Minutes - TRIPS Council - View details of the intervention/statement

H.E. Ambassador Dr. Walter Werner

45.   The relationship between the TRIPS Agreement and the CBD is an important issue in this Council. Over the years, Members have conducted a lot of useful discussion on this issue. China attaches great importance to the issue of TRIPS-CBD and hopes that Members could constructively involve in this discussion. As a large country for genetic resources, China attaches great importance to these issues. China joined the CBD as early as 1983 and joined the Nagoya Protocol in 2016. At the same time, China makes efforts to improve domestic legislation. The Patent Law stipulates the disclosure of genetic resources, requiring that the direct and original resource should be illustrated when inventions and creations are based on genetic resources. 46.   Regarding the substantial issues, China notes that the majority of Members support to amend the TRIPS Agreement to ensure the mutual supportiveness between the TRIPS Agreement, the CBD and the Nagoya Protocol. As to the issue of disclosure, China has provided detailed suggestions on negotiation modes, improving the transparency on genetic resources utilization, preventing misappropriation of genetic resources and traditional knowledge, and preventing the grant of erroneous patents in documents TN/C/W/52 and TN/C/W/59 co-sponsored by China and other Members.

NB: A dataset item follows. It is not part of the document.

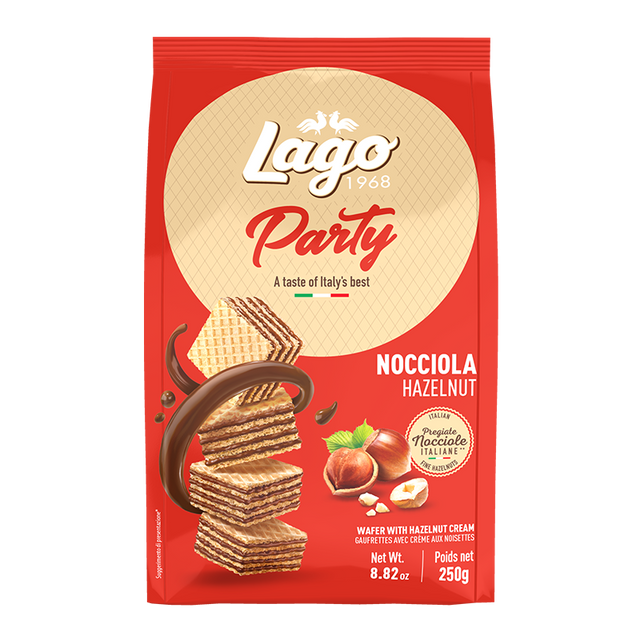 Lago elledì snack, party wafers, al gusto crema alla nocciola, 250gr.

China also believes that setting up a reasonable system for prior informed consent and benefit sharing could make better protection of genetic resources. 47.   As regard to the procedure, China supports to invite the CBD Secretariat to brief on the Nagoya Protocol and hopes that the Secretariat could revise three factual notes(IP/C/W/368/Rev.1, IP/C/W/369/Rev.1 and IP/C/W/370/Rev.1) which can contribute greatly to our discussion. China believes that discussion and negotiation in WIPO IGC could not hinder Members from finding solutions in the WTO as the Ministers have given the Council the mandate to examine the relationship between the TRIPS Agreement and the CBD. The WTO and WIPO are different platforms for discussion and research. Discussions in both platforms are conducive to solution-finding.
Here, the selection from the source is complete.